**Information provided:**
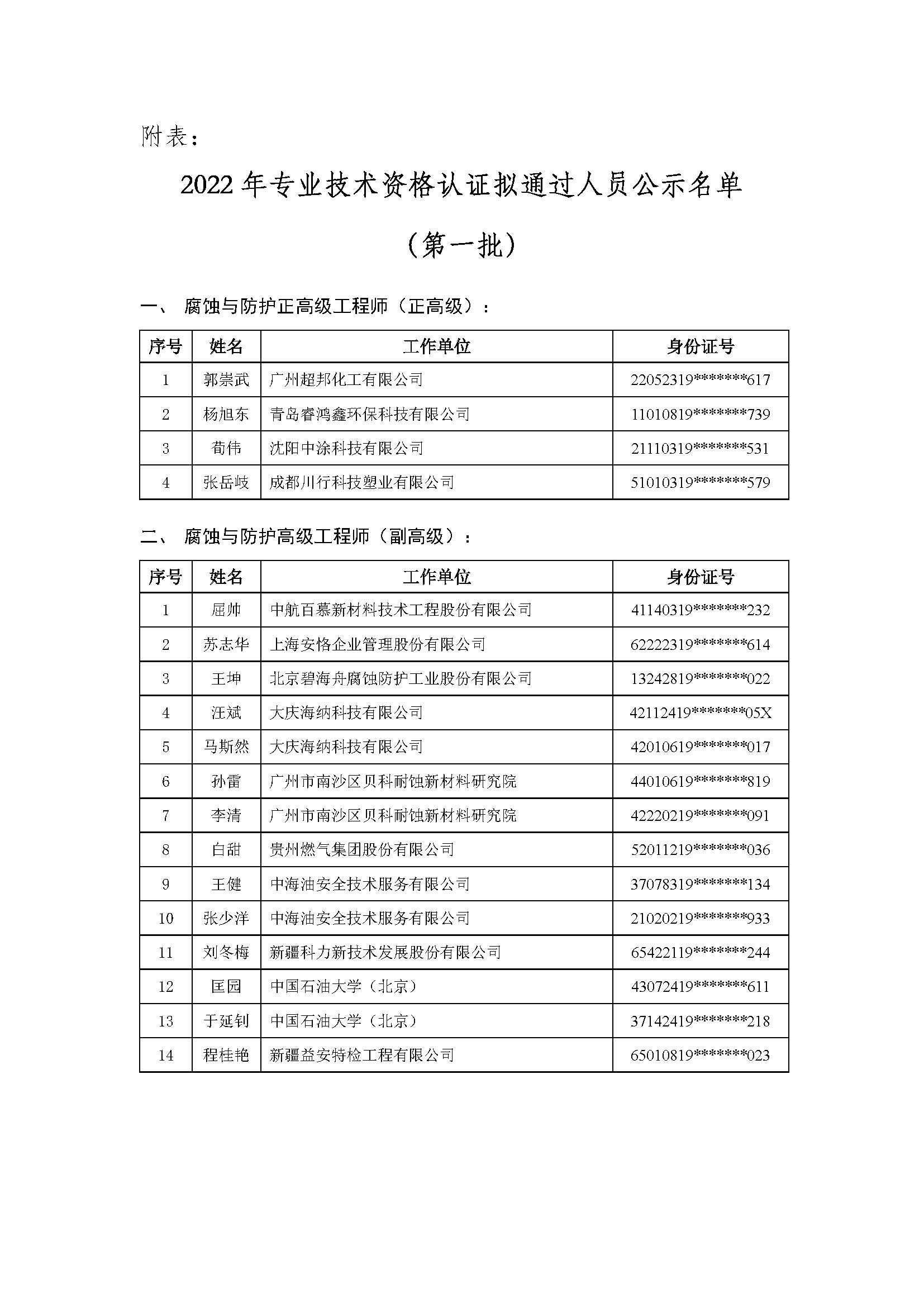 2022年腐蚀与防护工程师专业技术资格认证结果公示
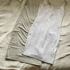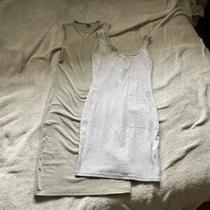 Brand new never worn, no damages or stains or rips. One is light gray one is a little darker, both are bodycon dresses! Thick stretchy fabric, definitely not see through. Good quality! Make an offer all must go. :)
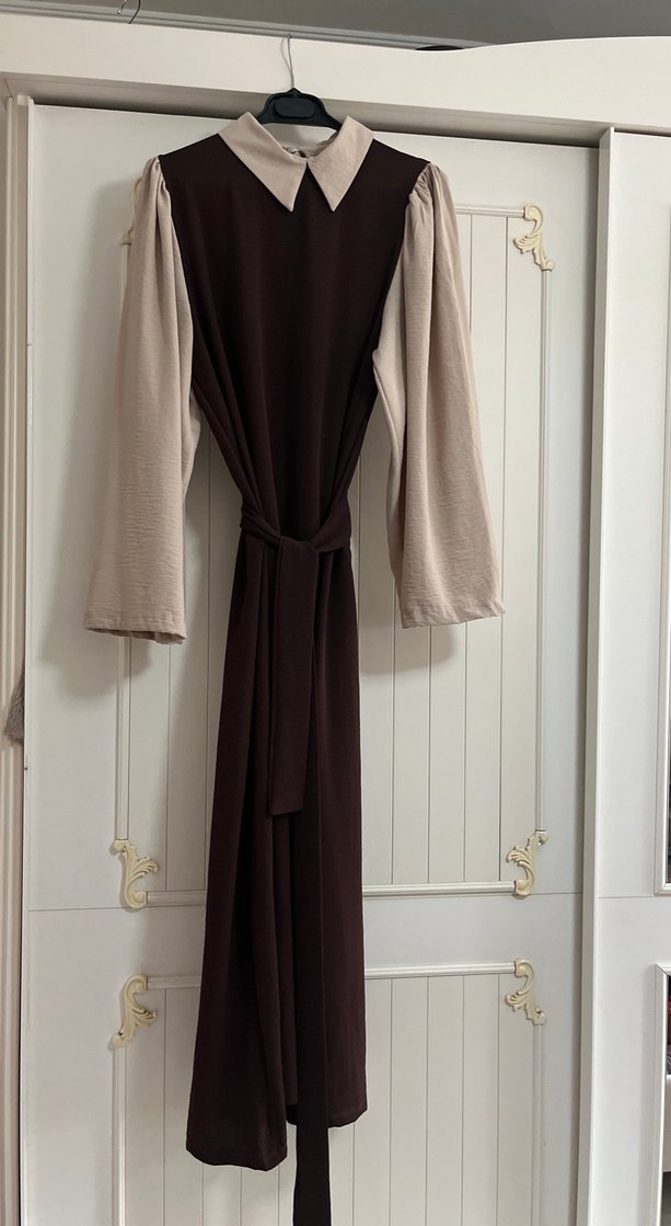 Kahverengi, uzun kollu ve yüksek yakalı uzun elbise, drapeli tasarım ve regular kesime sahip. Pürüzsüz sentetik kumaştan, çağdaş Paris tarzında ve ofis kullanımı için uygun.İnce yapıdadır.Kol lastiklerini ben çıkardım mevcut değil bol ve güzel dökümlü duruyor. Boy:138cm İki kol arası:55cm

**Task directions:** Return the complete data unchanged and include none of the pictures.

**Answer to this problem:**
 2022年腐蚀与防护工程师专业技术资格认证结果公示
 Brand new never worn, no damages or stains or rips. One is light gray one is a little darker, both are bodycon dresses! Thick stretchy fabric, definitely not see through. Good quality! Make an offer all must go. :)
 Kahverengi, uzun kollu ve yüksek yakalı uzun elbise, drapeli tasarım ve regular kesime sahip. Pürüzsüz sentetik kumaştan, çağdaş Paris tarzında ve ofis kullanımı için uygun.İnce yapıdadır.Kol lastiklerini ben çıkardım mevcut değil bol ve güzel dökümlü duruyor. Boy:138cm İki kol arası:55cm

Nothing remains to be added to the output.